Work to complete:
What is needed is every line from the one holding "深圳校区国旗班展旗(摄影:符桂杏)" to the last line of the data below, printed exactly and without pictures.
[Data excerpt]
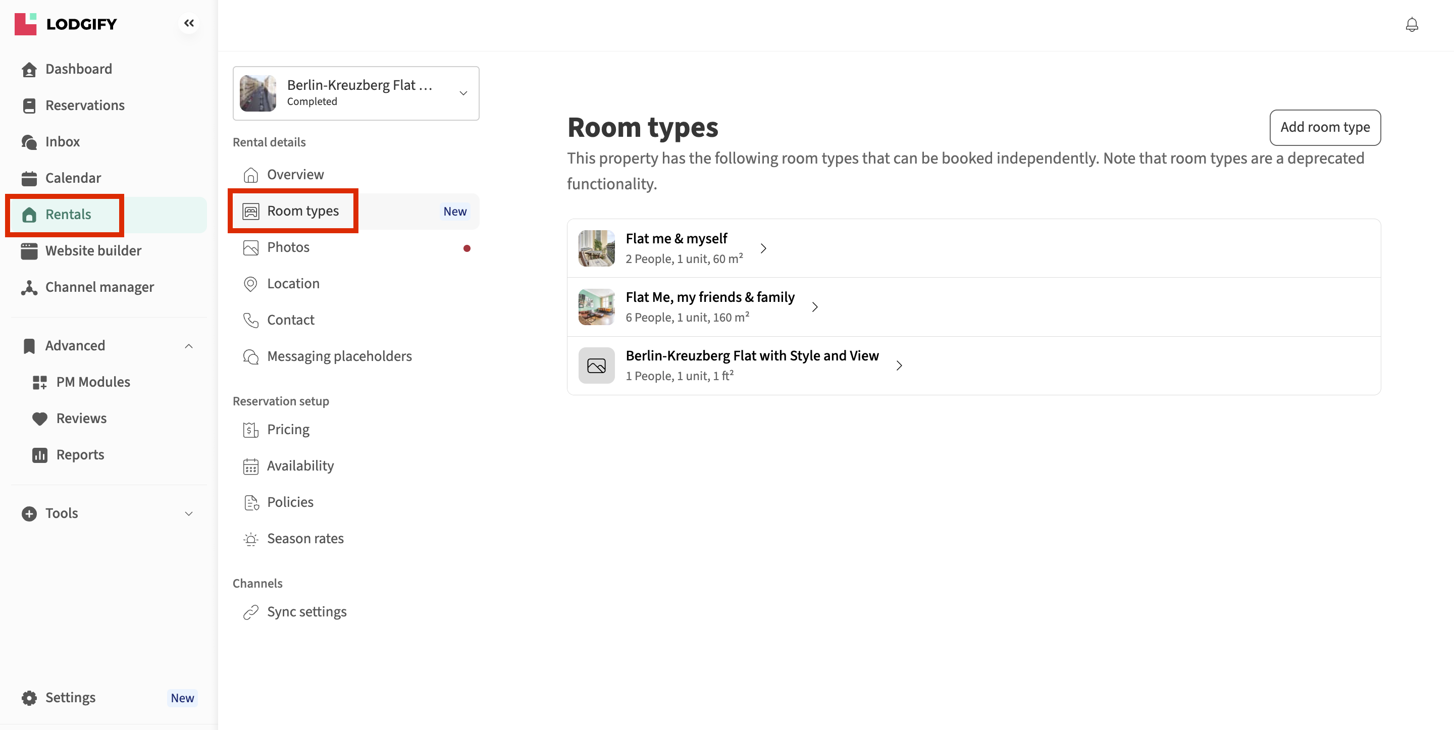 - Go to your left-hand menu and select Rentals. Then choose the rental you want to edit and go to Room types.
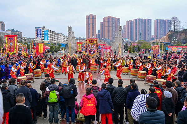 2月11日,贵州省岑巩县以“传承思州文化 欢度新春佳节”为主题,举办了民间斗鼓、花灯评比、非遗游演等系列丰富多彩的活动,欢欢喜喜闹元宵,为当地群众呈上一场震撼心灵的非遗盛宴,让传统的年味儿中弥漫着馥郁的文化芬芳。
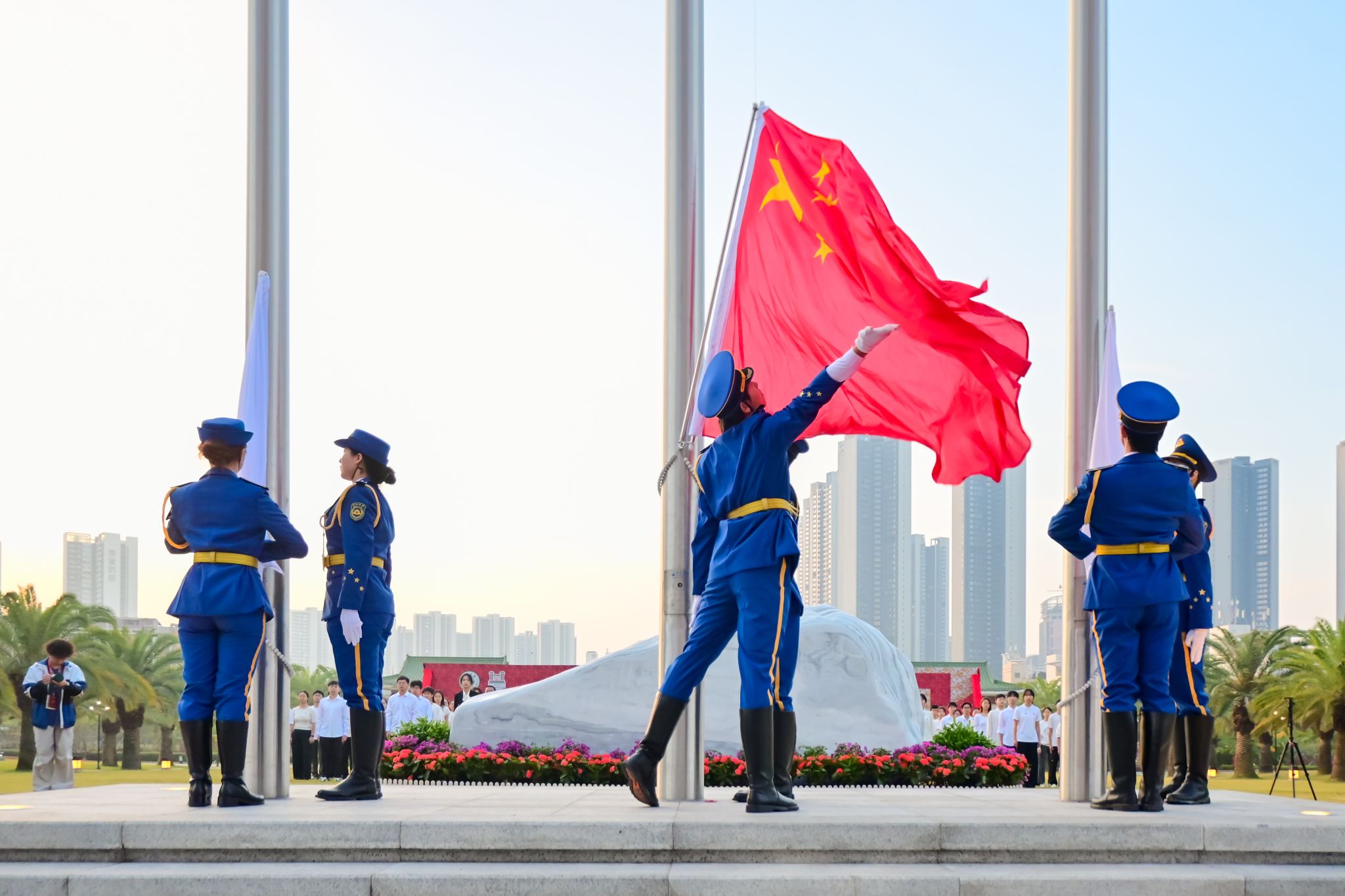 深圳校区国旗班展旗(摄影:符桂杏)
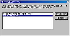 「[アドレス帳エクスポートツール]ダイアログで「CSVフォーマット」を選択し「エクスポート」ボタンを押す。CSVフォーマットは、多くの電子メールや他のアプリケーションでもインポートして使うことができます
[/Data excerpt]
Response to this exercise:
 深圳校区国旗班展旗(摄影:符桂杏)
 「[アドレス帳エクスポートツール]ダイアログで「CSVフォーマット」を選択し「エクスポート」ボタンを押す。CSVフォーマットは、多くの電子メールや他のアプリケーションでもインポートして使うことができます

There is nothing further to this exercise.